Exit Neville and Roddy
Before writing sessions could begin in earnest, first Neville Staple and then guitarist Roddy Radiation left. Asked if either could come back, Lynval is atypically vague, responding: “Never say never. Where we are right now, we’re enjoying this period. It’s a wonderful time we’re having. We’ve made some great songs and we’re happy with that. Anything else? Time will tell.”
It was 2014 before writing began. Initially, however, The Specials played it safe, deciding which songs to cover for a new album. “Rather than baring our souls straight away, we thought covers would be a good place to start – we were the original covers band anyway,” Horace points out.
“We’d always taken an old song and recontextualised it. Monkey Man was initially about nightclub bouncers and we made it a comment on social unrest. We knew we had to acknowledge the past 40 years had happened, so we were listening to stuff like LCD Soundsystem. That’s what we listened to for our version of The Equals’ Black Skinned Blue Eyed Boys.”
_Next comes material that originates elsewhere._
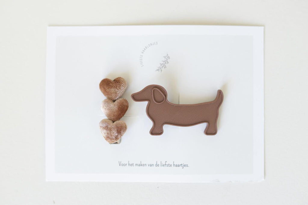 Deze schattige teckel clip is het perfecte accessoire voor kleine dierenliefhebbers. Handgemaakt door Liefste Haarlokjes en alleen bij ons verkrijgbaar – een uniek item dat je nergens anders vindt!

An audacious opening track, The Specials’ update of the 1970 anti-war anthem by Eddy Grant’s old band is indeed a startlingly modern slice of disco. “When I first came to England from Jamaica in 1964, The Rolling Stones were my favourites,” recalls Lynval. “Then I saw The Equals on Top Of The Pops and that was it. Them being the first multi-racial band I’d seen, they made it seem so natural. People think 2 Tone was the time music became multi-racial, and right now feels a wonderful time to educate people about The Equals getting there first.”
The Valentines’ 1967 early reggae classic Blam Blam Fever soon became another pick, sounding in The Specials’ care like a hyperactive menace. “That’s from touring a lot in America,” explains Horace. “I was fascinated by their gun culture, how you can buy guns in sports shops. It highlights America’s gun crime, especially those hideous
Although it’s lyrically still depressingly relevant thanks to Donald Trump’s presidency, the most surprising cover on Encore is The Lunatics (Have Taken Over The Asylum). Originally, of course, it was the debut single by Fun Boy Three, released just five months after they’d walked out on The Specials. There are rumours that it had originally been planned as The Specials’ single to follow Ghost Town…
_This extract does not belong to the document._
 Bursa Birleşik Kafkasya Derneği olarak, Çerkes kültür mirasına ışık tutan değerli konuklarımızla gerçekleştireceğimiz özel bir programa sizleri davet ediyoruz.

“I don’t know whether we’d have gone ahead with it as a single,” Horace ponders. “But, yes, it was written while Terry, Lynval and Neville were still in The Specials. They were considering presenting it to the band, but then thought, ‘Actually, we’re probably better doing this on our own.’”
Too much too young
Asking about Fun Boy Three brings a big sigh from the otherwise ebullient Lynval. “Yes, it’s true The Lunatics could have followed Ghost Town in The Specials,” he admits. “But everything got overtaken.” A big pause.
“We were so big when Ghost Town came out, we could have been as mega as U2. Man, what a crazy band we were. We chose not to carry on down that road, because…” An even longer pause. “I still wonder why we left to form Fun Boy Three. The Lunatics (Have Taken Over The Asylum) says a lot about us, too!”
Before Neville Staple left The Specials in 2013, there was vague talk about him, Lynval and Terry playing some Fun Boy Three concerts. “It crossed our mind,” shrugs Lynval. “The difference is, The Specials is in our blood. Fun Boy Three did some nice things. Terry and I had become very creative, and Faith, Hope And Charity is a great song. I’m proud of what Fun Boy Three did. But can you imagine us and Bananarama with ra-ra skirts now?”
Lynval and Horace both volunteer that taking some time off could have kept The Specials together longer. “It was intense,” emphasises Lynval. “We had to ride that beast all the time, and we got pulled forward and back by it. A little breather, it couldn’t have hurt.” As for Horace: “More time off would have helped, but people would have left anyway. We were all starting to find our own feet musically. A core might have remained, but not everyone.”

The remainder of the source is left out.